§ **Exercise requirements**:
Exactly the lines below starting at the line with "Table lamp Plaat" and ending at the line with "レギュラーステージは参加チー" are wanted, with both ends included. Leave out the pictures and add no other lines.

§ **Available records**:
━━━
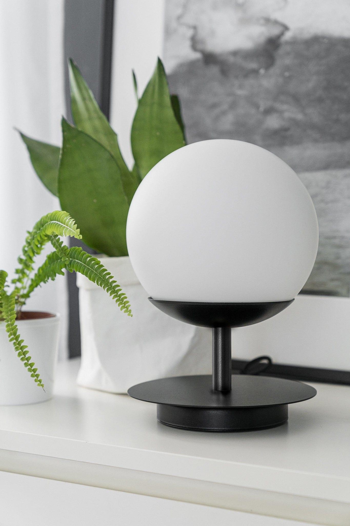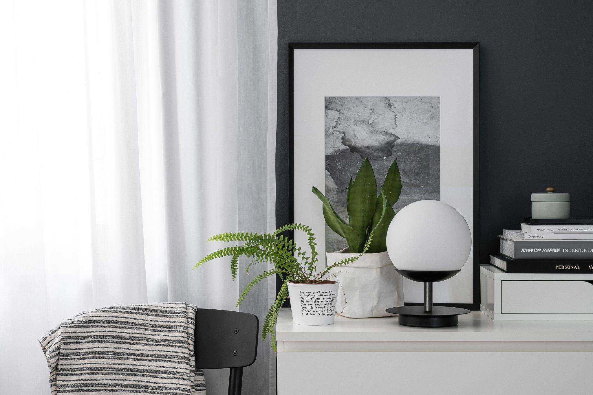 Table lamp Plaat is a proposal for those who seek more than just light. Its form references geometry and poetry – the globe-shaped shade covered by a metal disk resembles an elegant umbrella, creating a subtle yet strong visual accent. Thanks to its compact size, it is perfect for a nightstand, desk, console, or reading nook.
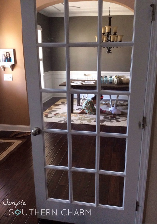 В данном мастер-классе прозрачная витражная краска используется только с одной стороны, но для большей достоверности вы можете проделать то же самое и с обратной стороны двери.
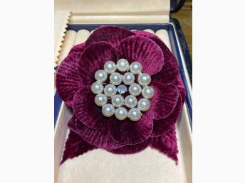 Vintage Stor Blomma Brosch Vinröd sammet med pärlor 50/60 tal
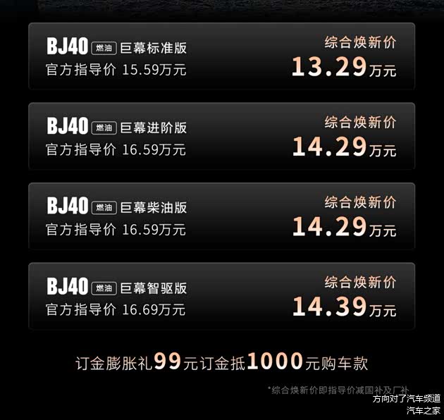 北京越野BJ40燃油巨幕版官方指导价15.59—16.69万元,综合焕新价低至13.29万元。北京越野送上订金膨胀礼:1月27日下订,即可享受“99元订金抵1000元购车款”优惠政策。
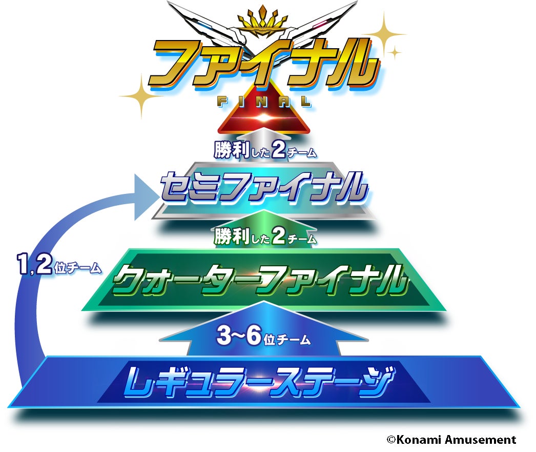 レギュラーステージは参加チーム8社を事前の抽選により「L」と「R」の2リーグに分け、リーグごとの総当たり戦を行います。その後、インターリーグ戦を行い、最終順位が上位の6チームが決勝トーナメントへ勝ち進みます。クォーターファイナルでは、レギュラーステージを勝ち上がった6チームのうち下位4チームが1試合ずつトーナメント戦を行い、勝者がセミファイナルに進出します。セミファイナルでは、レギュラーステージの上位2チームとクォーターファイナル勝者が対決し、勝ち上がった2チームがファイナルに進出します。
━━━
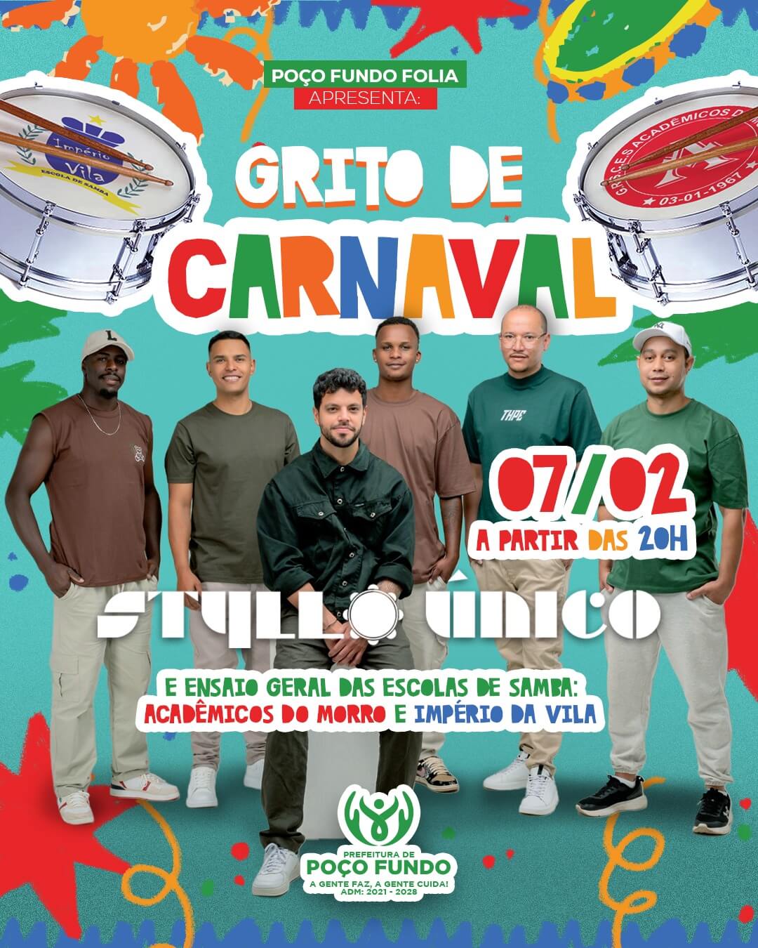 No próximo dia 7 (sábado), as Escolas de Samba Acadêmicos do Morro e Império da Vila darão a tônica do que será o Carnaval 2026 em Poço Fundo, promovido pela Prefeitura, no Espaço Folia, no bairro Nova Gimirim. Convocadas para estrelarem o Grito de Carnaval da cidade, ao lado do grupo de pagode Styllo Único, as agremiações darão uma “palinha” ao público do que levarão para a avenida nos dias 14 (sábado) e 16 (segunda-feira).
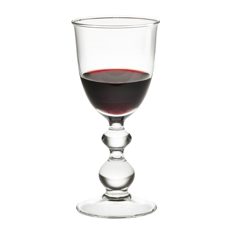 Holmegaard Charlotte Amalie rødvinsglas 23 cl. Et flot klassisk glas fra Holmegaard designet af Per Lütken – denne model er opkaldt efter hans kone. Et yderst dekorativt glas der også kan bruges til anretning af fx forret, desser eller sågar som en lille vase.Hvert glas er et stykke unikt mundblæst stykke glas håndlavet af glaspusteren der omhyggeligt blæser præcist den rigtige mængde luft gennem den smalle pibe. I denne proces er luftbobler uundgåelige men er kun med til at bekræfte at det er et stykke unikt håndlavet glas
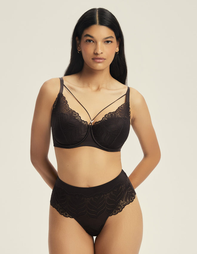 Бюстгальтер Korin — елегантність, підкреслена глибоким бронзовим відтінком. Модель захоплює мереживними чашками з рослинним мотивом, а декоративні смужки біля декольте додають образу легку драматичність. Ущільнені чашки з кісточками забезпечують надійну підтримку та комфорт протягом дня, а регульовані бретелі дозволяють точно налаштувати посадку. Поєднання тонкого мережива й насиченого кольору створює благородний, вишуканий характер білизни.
━━━
§ **Result of the exercise**:
 Table lamp Plaat is a proposal for those who seek more than just light. Its form references geometry and poetry – the globe-shaped shade covered by a metal disk resembles an elegant umbrella, creating a subtle yet strong visual accent. Thanks to its compact size, it is perfect for a nightstand, desk, console, or reading nook.
 В данном мастер-классе прозрачная витражная краска используется только с одной стороны, но для большей достоверности вы можете проделать то же самое и с обратной стороны двери.
 Vintage Stor Blomma Brosch Vinröd sammet med pärlor 50/60 tal
 北京越野BJ40燃油巨幕版官方指导价15.59—16.69万元,综合焕新价低至13.29万元。北京越野送上订金膨胀礼:1月27日下订,即可享受“99元订金抵1000元购车款”优惠政策。
 レギュラーステージは参加チーム8社を事前の抽選により「L」と「R」の2リーグに分け、リーグごとの総当たり戦を行います。その後、インターリーグ戦を行い、最終順位が上位の6チームが決勝トーナメントへ勝ち進みます。クォーターファイナルでは、レギュラーステージを勝ち上がった6チームのうち下位4チームが1試合ずつトーナメント戦を行い、勝者がセミファイナルに進出します。セミファイナルでは、レギュラーステージの上位2チームとクォーターファイナル勝者が対決し、勝ち上がった2チームがファイナルに進出します。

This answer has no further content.